Tatevik Hayrapetyan, MP of My Step faction of the National Assembly, member of the Armenian delegation to the PACE, addressed the PACE summer session during the discussion of the report ‘On Freedom of the Press, Public Trust, People’s Right to Be Aware.’
“I value the discussion we are having here very much. It is very important to understand what kind of a role the media can play. And I would like to ask us to look at it from another prospective. Free media and journalists, who have freedom to write and create discourses, avoid wars.
Judging from the speeches my Azerbaijani colleagues are having here when they are proudly speaking about the, so-called, ‘victory’ in the war, I was thinking what would happen if Azerbaijan had free media and would have a discourse on peace. If the topic of peace will not be under taboo in Azerbaijan, if they have the freedom to talk about the solutions which were proposed by the friend mediators during the negotiation process which lasted for 20 years.
What will be if Azerbaijan will not have a ‘blacklist’ of journalists who are visiting Nagorno-Karabakh and write about the humanitarian aspect of the conflict? What will be if during the war will not attack the Armenian international journalists putting aside that there was a ‘Press’ button on the helmets they were wearing.
And in the end, unfortunately even after the ceasefire statement, recently we have witnessed that UEFA was even surprised that Azerbaijanis rejected to give an accreditation to some journalists who have Armenian surnames, from Armenia and Russia.
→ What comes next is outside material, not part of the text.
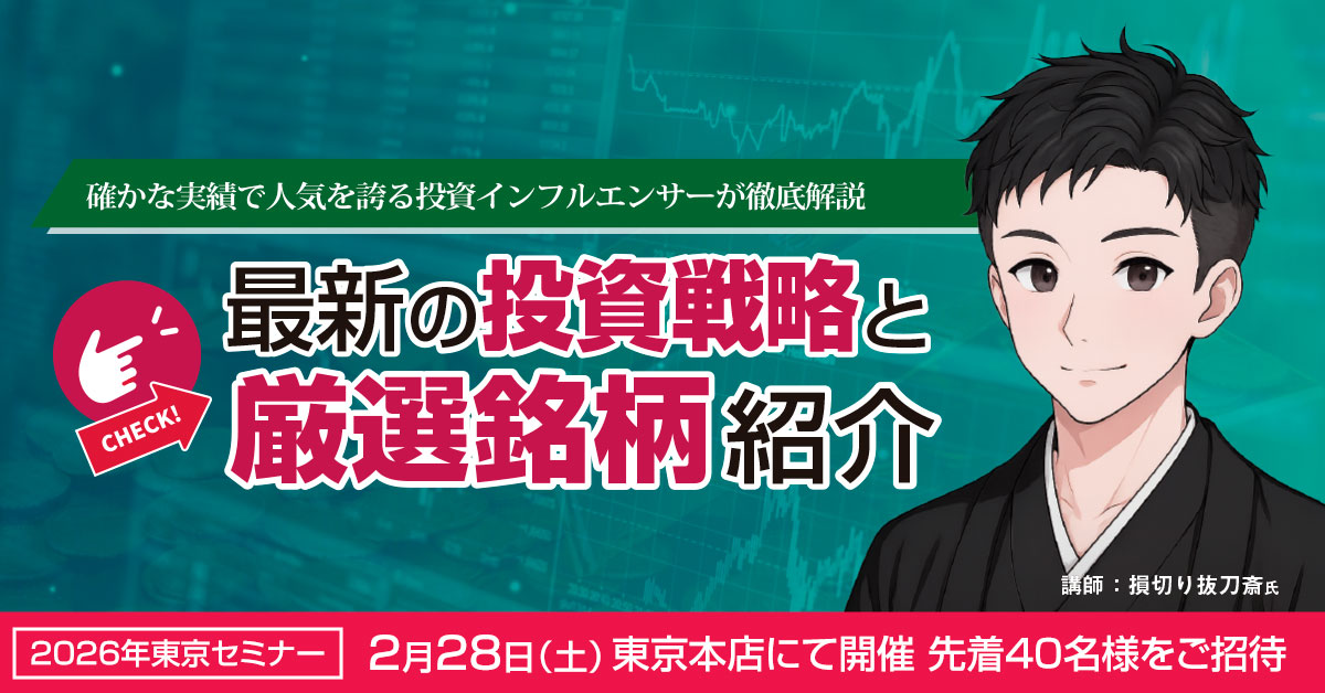 中長期投資を得意とし、徹底したリスク管理で高い堅実な投資手法を確立し、多くの個人投資家から支持されている「損切り抜刀斎氏」。今回のセミナーでは、2026年の投資戦略・厳選銘柄を徹底解説いただきます。この機会に是非会場までお越しください。
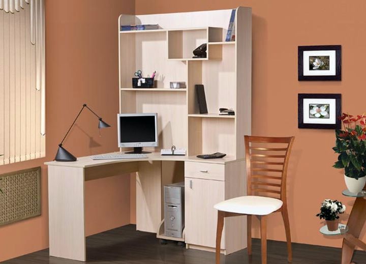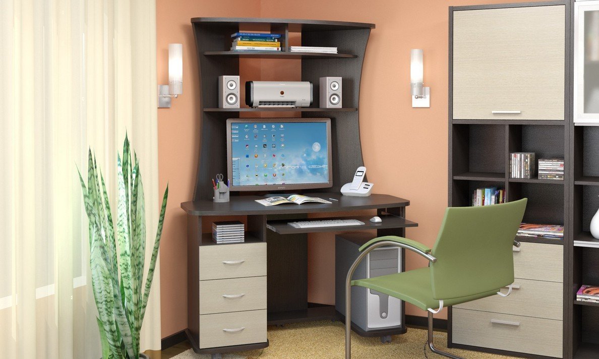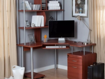 Corner Computer Desk mit einem Rack ist die beste Lösung für die Organisation des Arbeitsplatzes. Bevor Sie es kaufen, müssen Sie jedoch den Standort in der Wohnung bestimmen. Es ist wichtig, die Fläche des Raumes, seine Anordnung, die Anzahl und Anordnung der Fenster und den Stil des Innenraums zu berücksichtigen. Das ausgewählte Modell sollte in jeder Hinsicht in den zugewiesenen Raum passen, einschließlich der Farbgestaltung des Raums.

And all this show that the topic of peace, the discourse of peace was under taboo in Azerbaijan, and now my Azerbaijanis colleagues unfortunately think that the only way was war, because it was propagated so.
I value this report and I think that media freedom is important, and sometimes journalists with their work, which is very hard, sometimes they work in very hard conditions, can even help avoid wars, can help fight against hate speech and hate propaganda,” Hayrapetyan said.